◆ MATERIAL PROVIDED:
<<<<
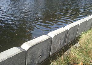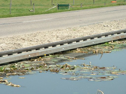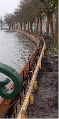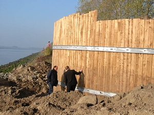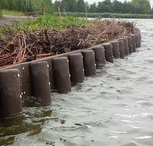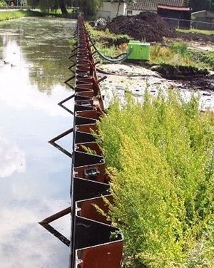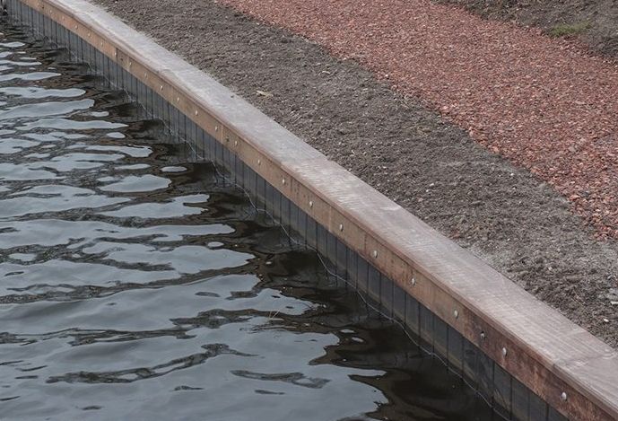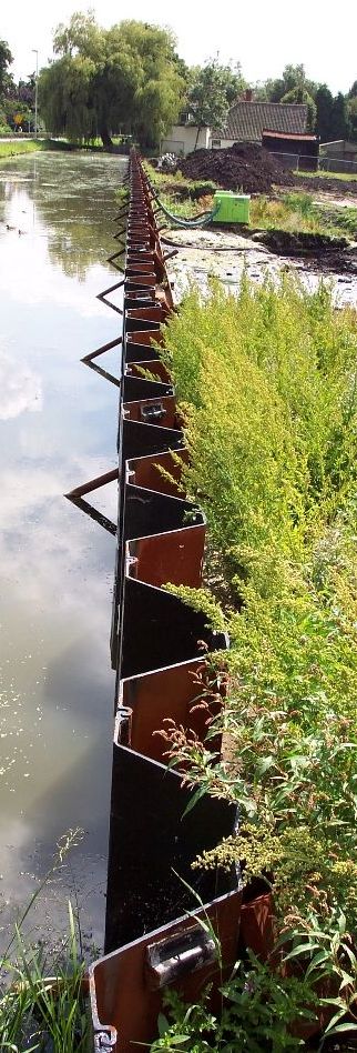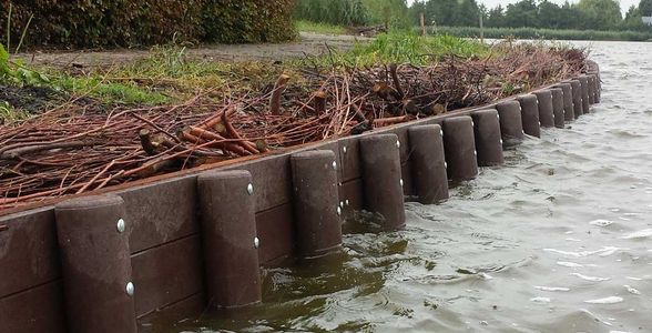 | Zelfs als je echt geen milieufanaat bent moet je erkennen dat in landelijke gebieden betonnen, stalen, zeer zeker licht gekleurd kunststof en ook wel hardhouten damwanden als oeverbescherming ontsierend zijn. Daarbij komt dat de damwanden voor dieren vaak te hoog en te glad zijn om de oevers te bereiken. Tegenwoordig worden op veel plaatsen, binnen een lange oeverstrook, zogenoemde groene of natuurvriendelijke oevers aangelegd. Deze oevers bieden de dieren paai-, opgroei-, leef- en overwinteringsplaatsen. En het is een fraaier gezicht... Een wat fraaiere oplossing voor een beschoeiing is te zien op de foto hieronder (van Saveplastics). De  wrijfgording bestaat uit een stalen UNP-180 en een kunststof recycling inleggording.  |
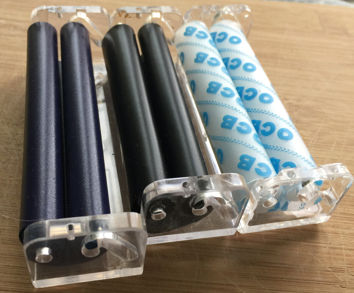 Машинки: Mascotte Classic Handroller 1 1/4 (для бумаги длиной около 78 мм), Gizeh Giro и безымянная OCB (обе для бумаги около 68 мм). Все машинки из пластика и с одинаковым принципом работы.
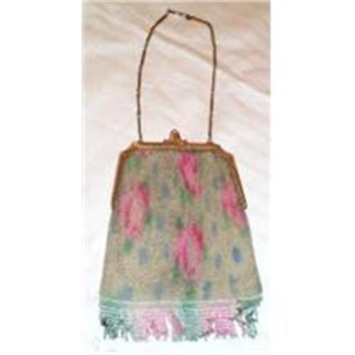 This fantastic Mesh Hand Painted Whiting and Davis Purse is decorated with lovely pink roses and is in SUPERIOR condition with no missing links. The purse measures 3.625" wide and is 5.50" long not including the handle. This purse is marked with the familiar Whiting and Davis Logo.
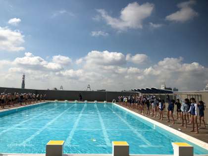 今日からプール開放が始まりました。たくさんの子どもたちが受け付けをして、準備運動をしていました。受け付けは毎日、PTAの方が担当していただいています。暑いですが、子どもたちは元気にプール水泳に親しんでいます。
>>>>
In your copy of the material, every word must match and no image should appear.

◆ OUTPUT FOR THIS TASK:
 | Zelfs als je echt geen milieufanaat bent moet je erkennen dat in landelijke gebieden betonnen, stalen, zeer zeker licht gekleurd kunststof en ook wel hardhouten damwanden als oeverbescherming ontsierend zijn. Daarbij komt dat de damwanden voor dieren vaak te hoog en te glad zijn om de oevers te bereiken. Tegenwoordig worden op veel plaatsen, binnen een lange oeverstrook, zogenoemde groene of natuurvriendelijke oevers aangelegd. Deze oevers bieden de dieren paai-, opgroei-, leef- en overwinteringsplaatsen. En het is een fraaier gezicht... Een wat fraaiere oplossing voor een beschoeiing is te zien op de foto hieronder (van Saveplastics). De  wrijfgording bestaat uit een stalen UNP-180 en een kunststof recycling inleggording.  |
 Машинки: Mascotte Classic Handroller 1 1/4 (для бумаги длиной около 78 мм), Gizeh Giro и безымянная OCB (обе для бумаги около 68 мм). Все машинки из пластика и с одинаковым принципом работы.
 This fantastic Mesh Hand Painted Whiting and Davis Purse is decorated with lovely pink roses and is in SUPERIOR condition with no missing links. The purse measures 3.625" wide and is 5.50" long not including the handle. This purse is marked with the familiar Whiting and Davis Logo.
 今日からプール開放が始まりました。たくさんの子どもたちが受け付けをして、準備運動をしていました。受け付けは毎日、PTAの方が担当していただいています。暑いですが、子どもたちは元気にプール水泳に親しんでいます。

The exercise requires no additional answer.